Table 2.
Functional EC50 values for nucleoside monomers and dendrimer conjugates to activate the A1 AR ([35S]GTPγS binding and cAMP inhibition) and A3 AR (cAMP inhibition).a
| Compound |
A1 ([35S]GTPγS binding), EC50 (nM) |
A1 (adenylyl cyclase), EC50 (nM) |
A3 (adenylyl cyclase), EC50 (nM) |
| Nucleoside Monomers | |||
| 1 | 94 ± 26 | 400 ± 80 | 100 ± 50 |
| 4 | 1300 ± 400 | 350 ± 20 | 140 ± 70 |
| 7 | 63 ± 14 | 89 ± 17 | 36 ± 13 |
| Dendrimer Derivatives | |||
| 11 | 50%b | inactivec | inactivec |
| 12 | 190 ± 70 | 23 ± 10 | 25 ± 10 |
| 13 | 940 ± 70 | 54 ± 20 | 17 ± 2 |
| 15 | < 10%b | inactivec | inactivec |
| 16 | 2400 ± 1300 | 120 ± 1 | 14 ± 5 |
| 17 | 370 ± 190 | 260 ± 90 | 1.6 ± 0.4 |
a.

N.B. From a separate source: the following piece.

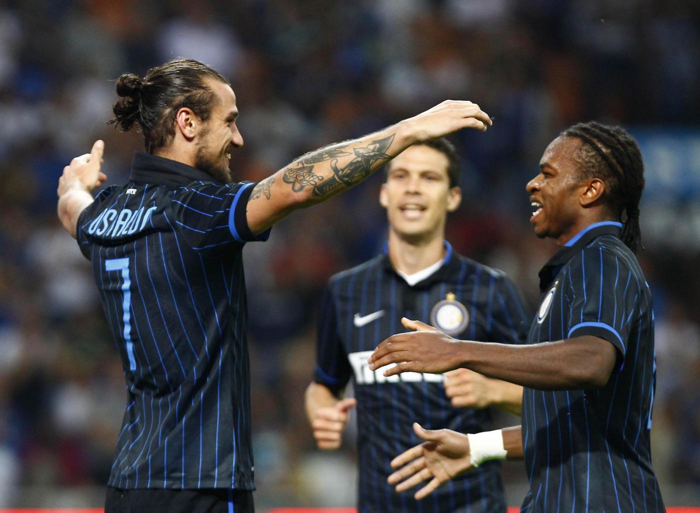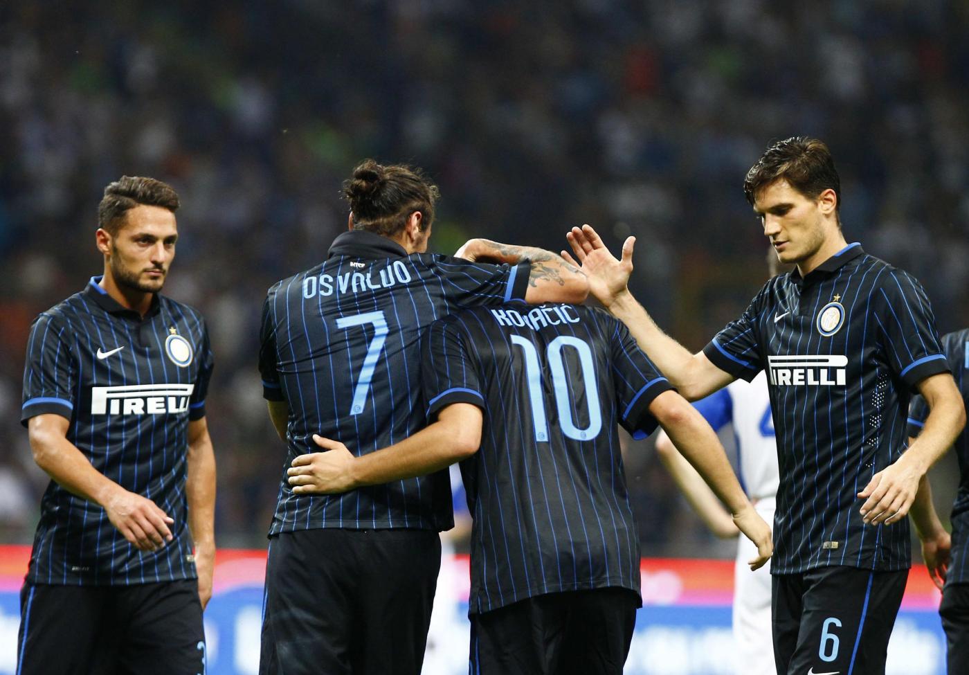 Inter (3-5-1-1): Carrizo 6; Andreolli 6, Ranocchia 6.5, Juan Jesus 6; D’Ambrosio 6, Hernanes 6.5 (21′ st Jonathan 6.5), M’Vila 6, Obi 6 (13′ st Kuzmanovic 6), Nagatomo 6.5; Kovacic 7.5 (8’st Icardi 7); Osvaldo 7. (1 Handanovic, 15 Vidic, 13 Guarin, 97 Bonazzoli). All: Mazzarri 7.
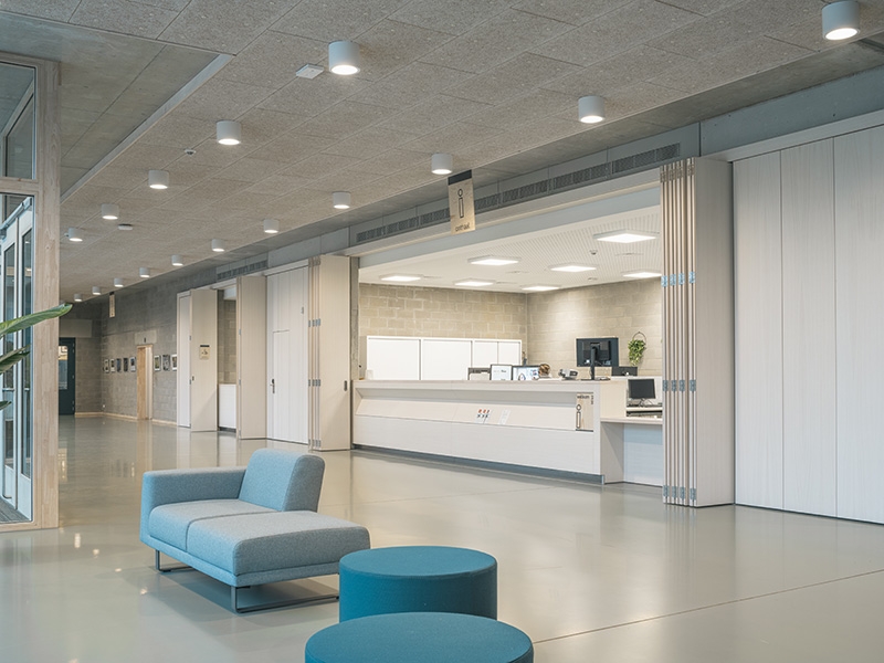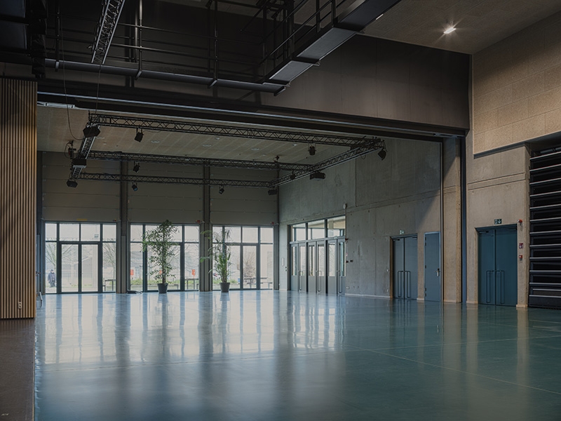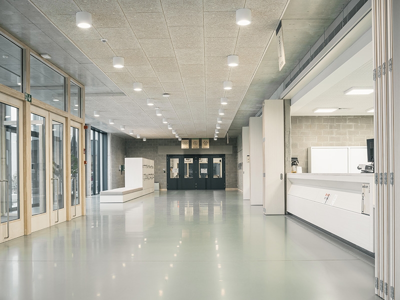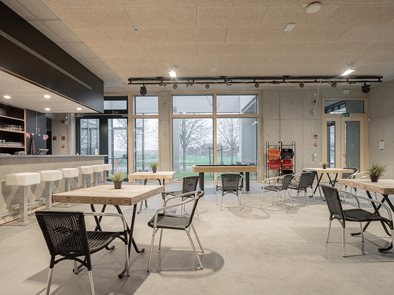 Een wens van de opdrachtgever was om in de foyer veel daglicht en voldoende contact met de buitenomgeving te hebben. Dit wordt verenigd met de hoge eisen aan geluidsisolatie naar de omgeving door het voorzien van geluidsisolerende sectionaalpoorten die voor de beglaasde gevel van de foyer worden geschoven. Op deze manier is er bij optredens of fuiven geen geluidoverlast naar de omgeving, maar blijft er een aangenaam contact met de buitenomgeving bij het normaal gebruik van de foyer als ontmoetingsruimte.

All experiments were performed using adherent CHO cells stably expressing the A1 or A3 AR. Binding of [35S]GTPγS and assays using a cAMP kit were carried out as described in methods. Values are expressed as EC50 values (mean ± SEM, n = 3) or as displacement of the radioligand at 10 μM. b. Percent of [35S]GTPγS binding at 10 μM compared to full agonist. c. Compound produced less than 20% of total inhibition at 10 μM as seen by ADAC.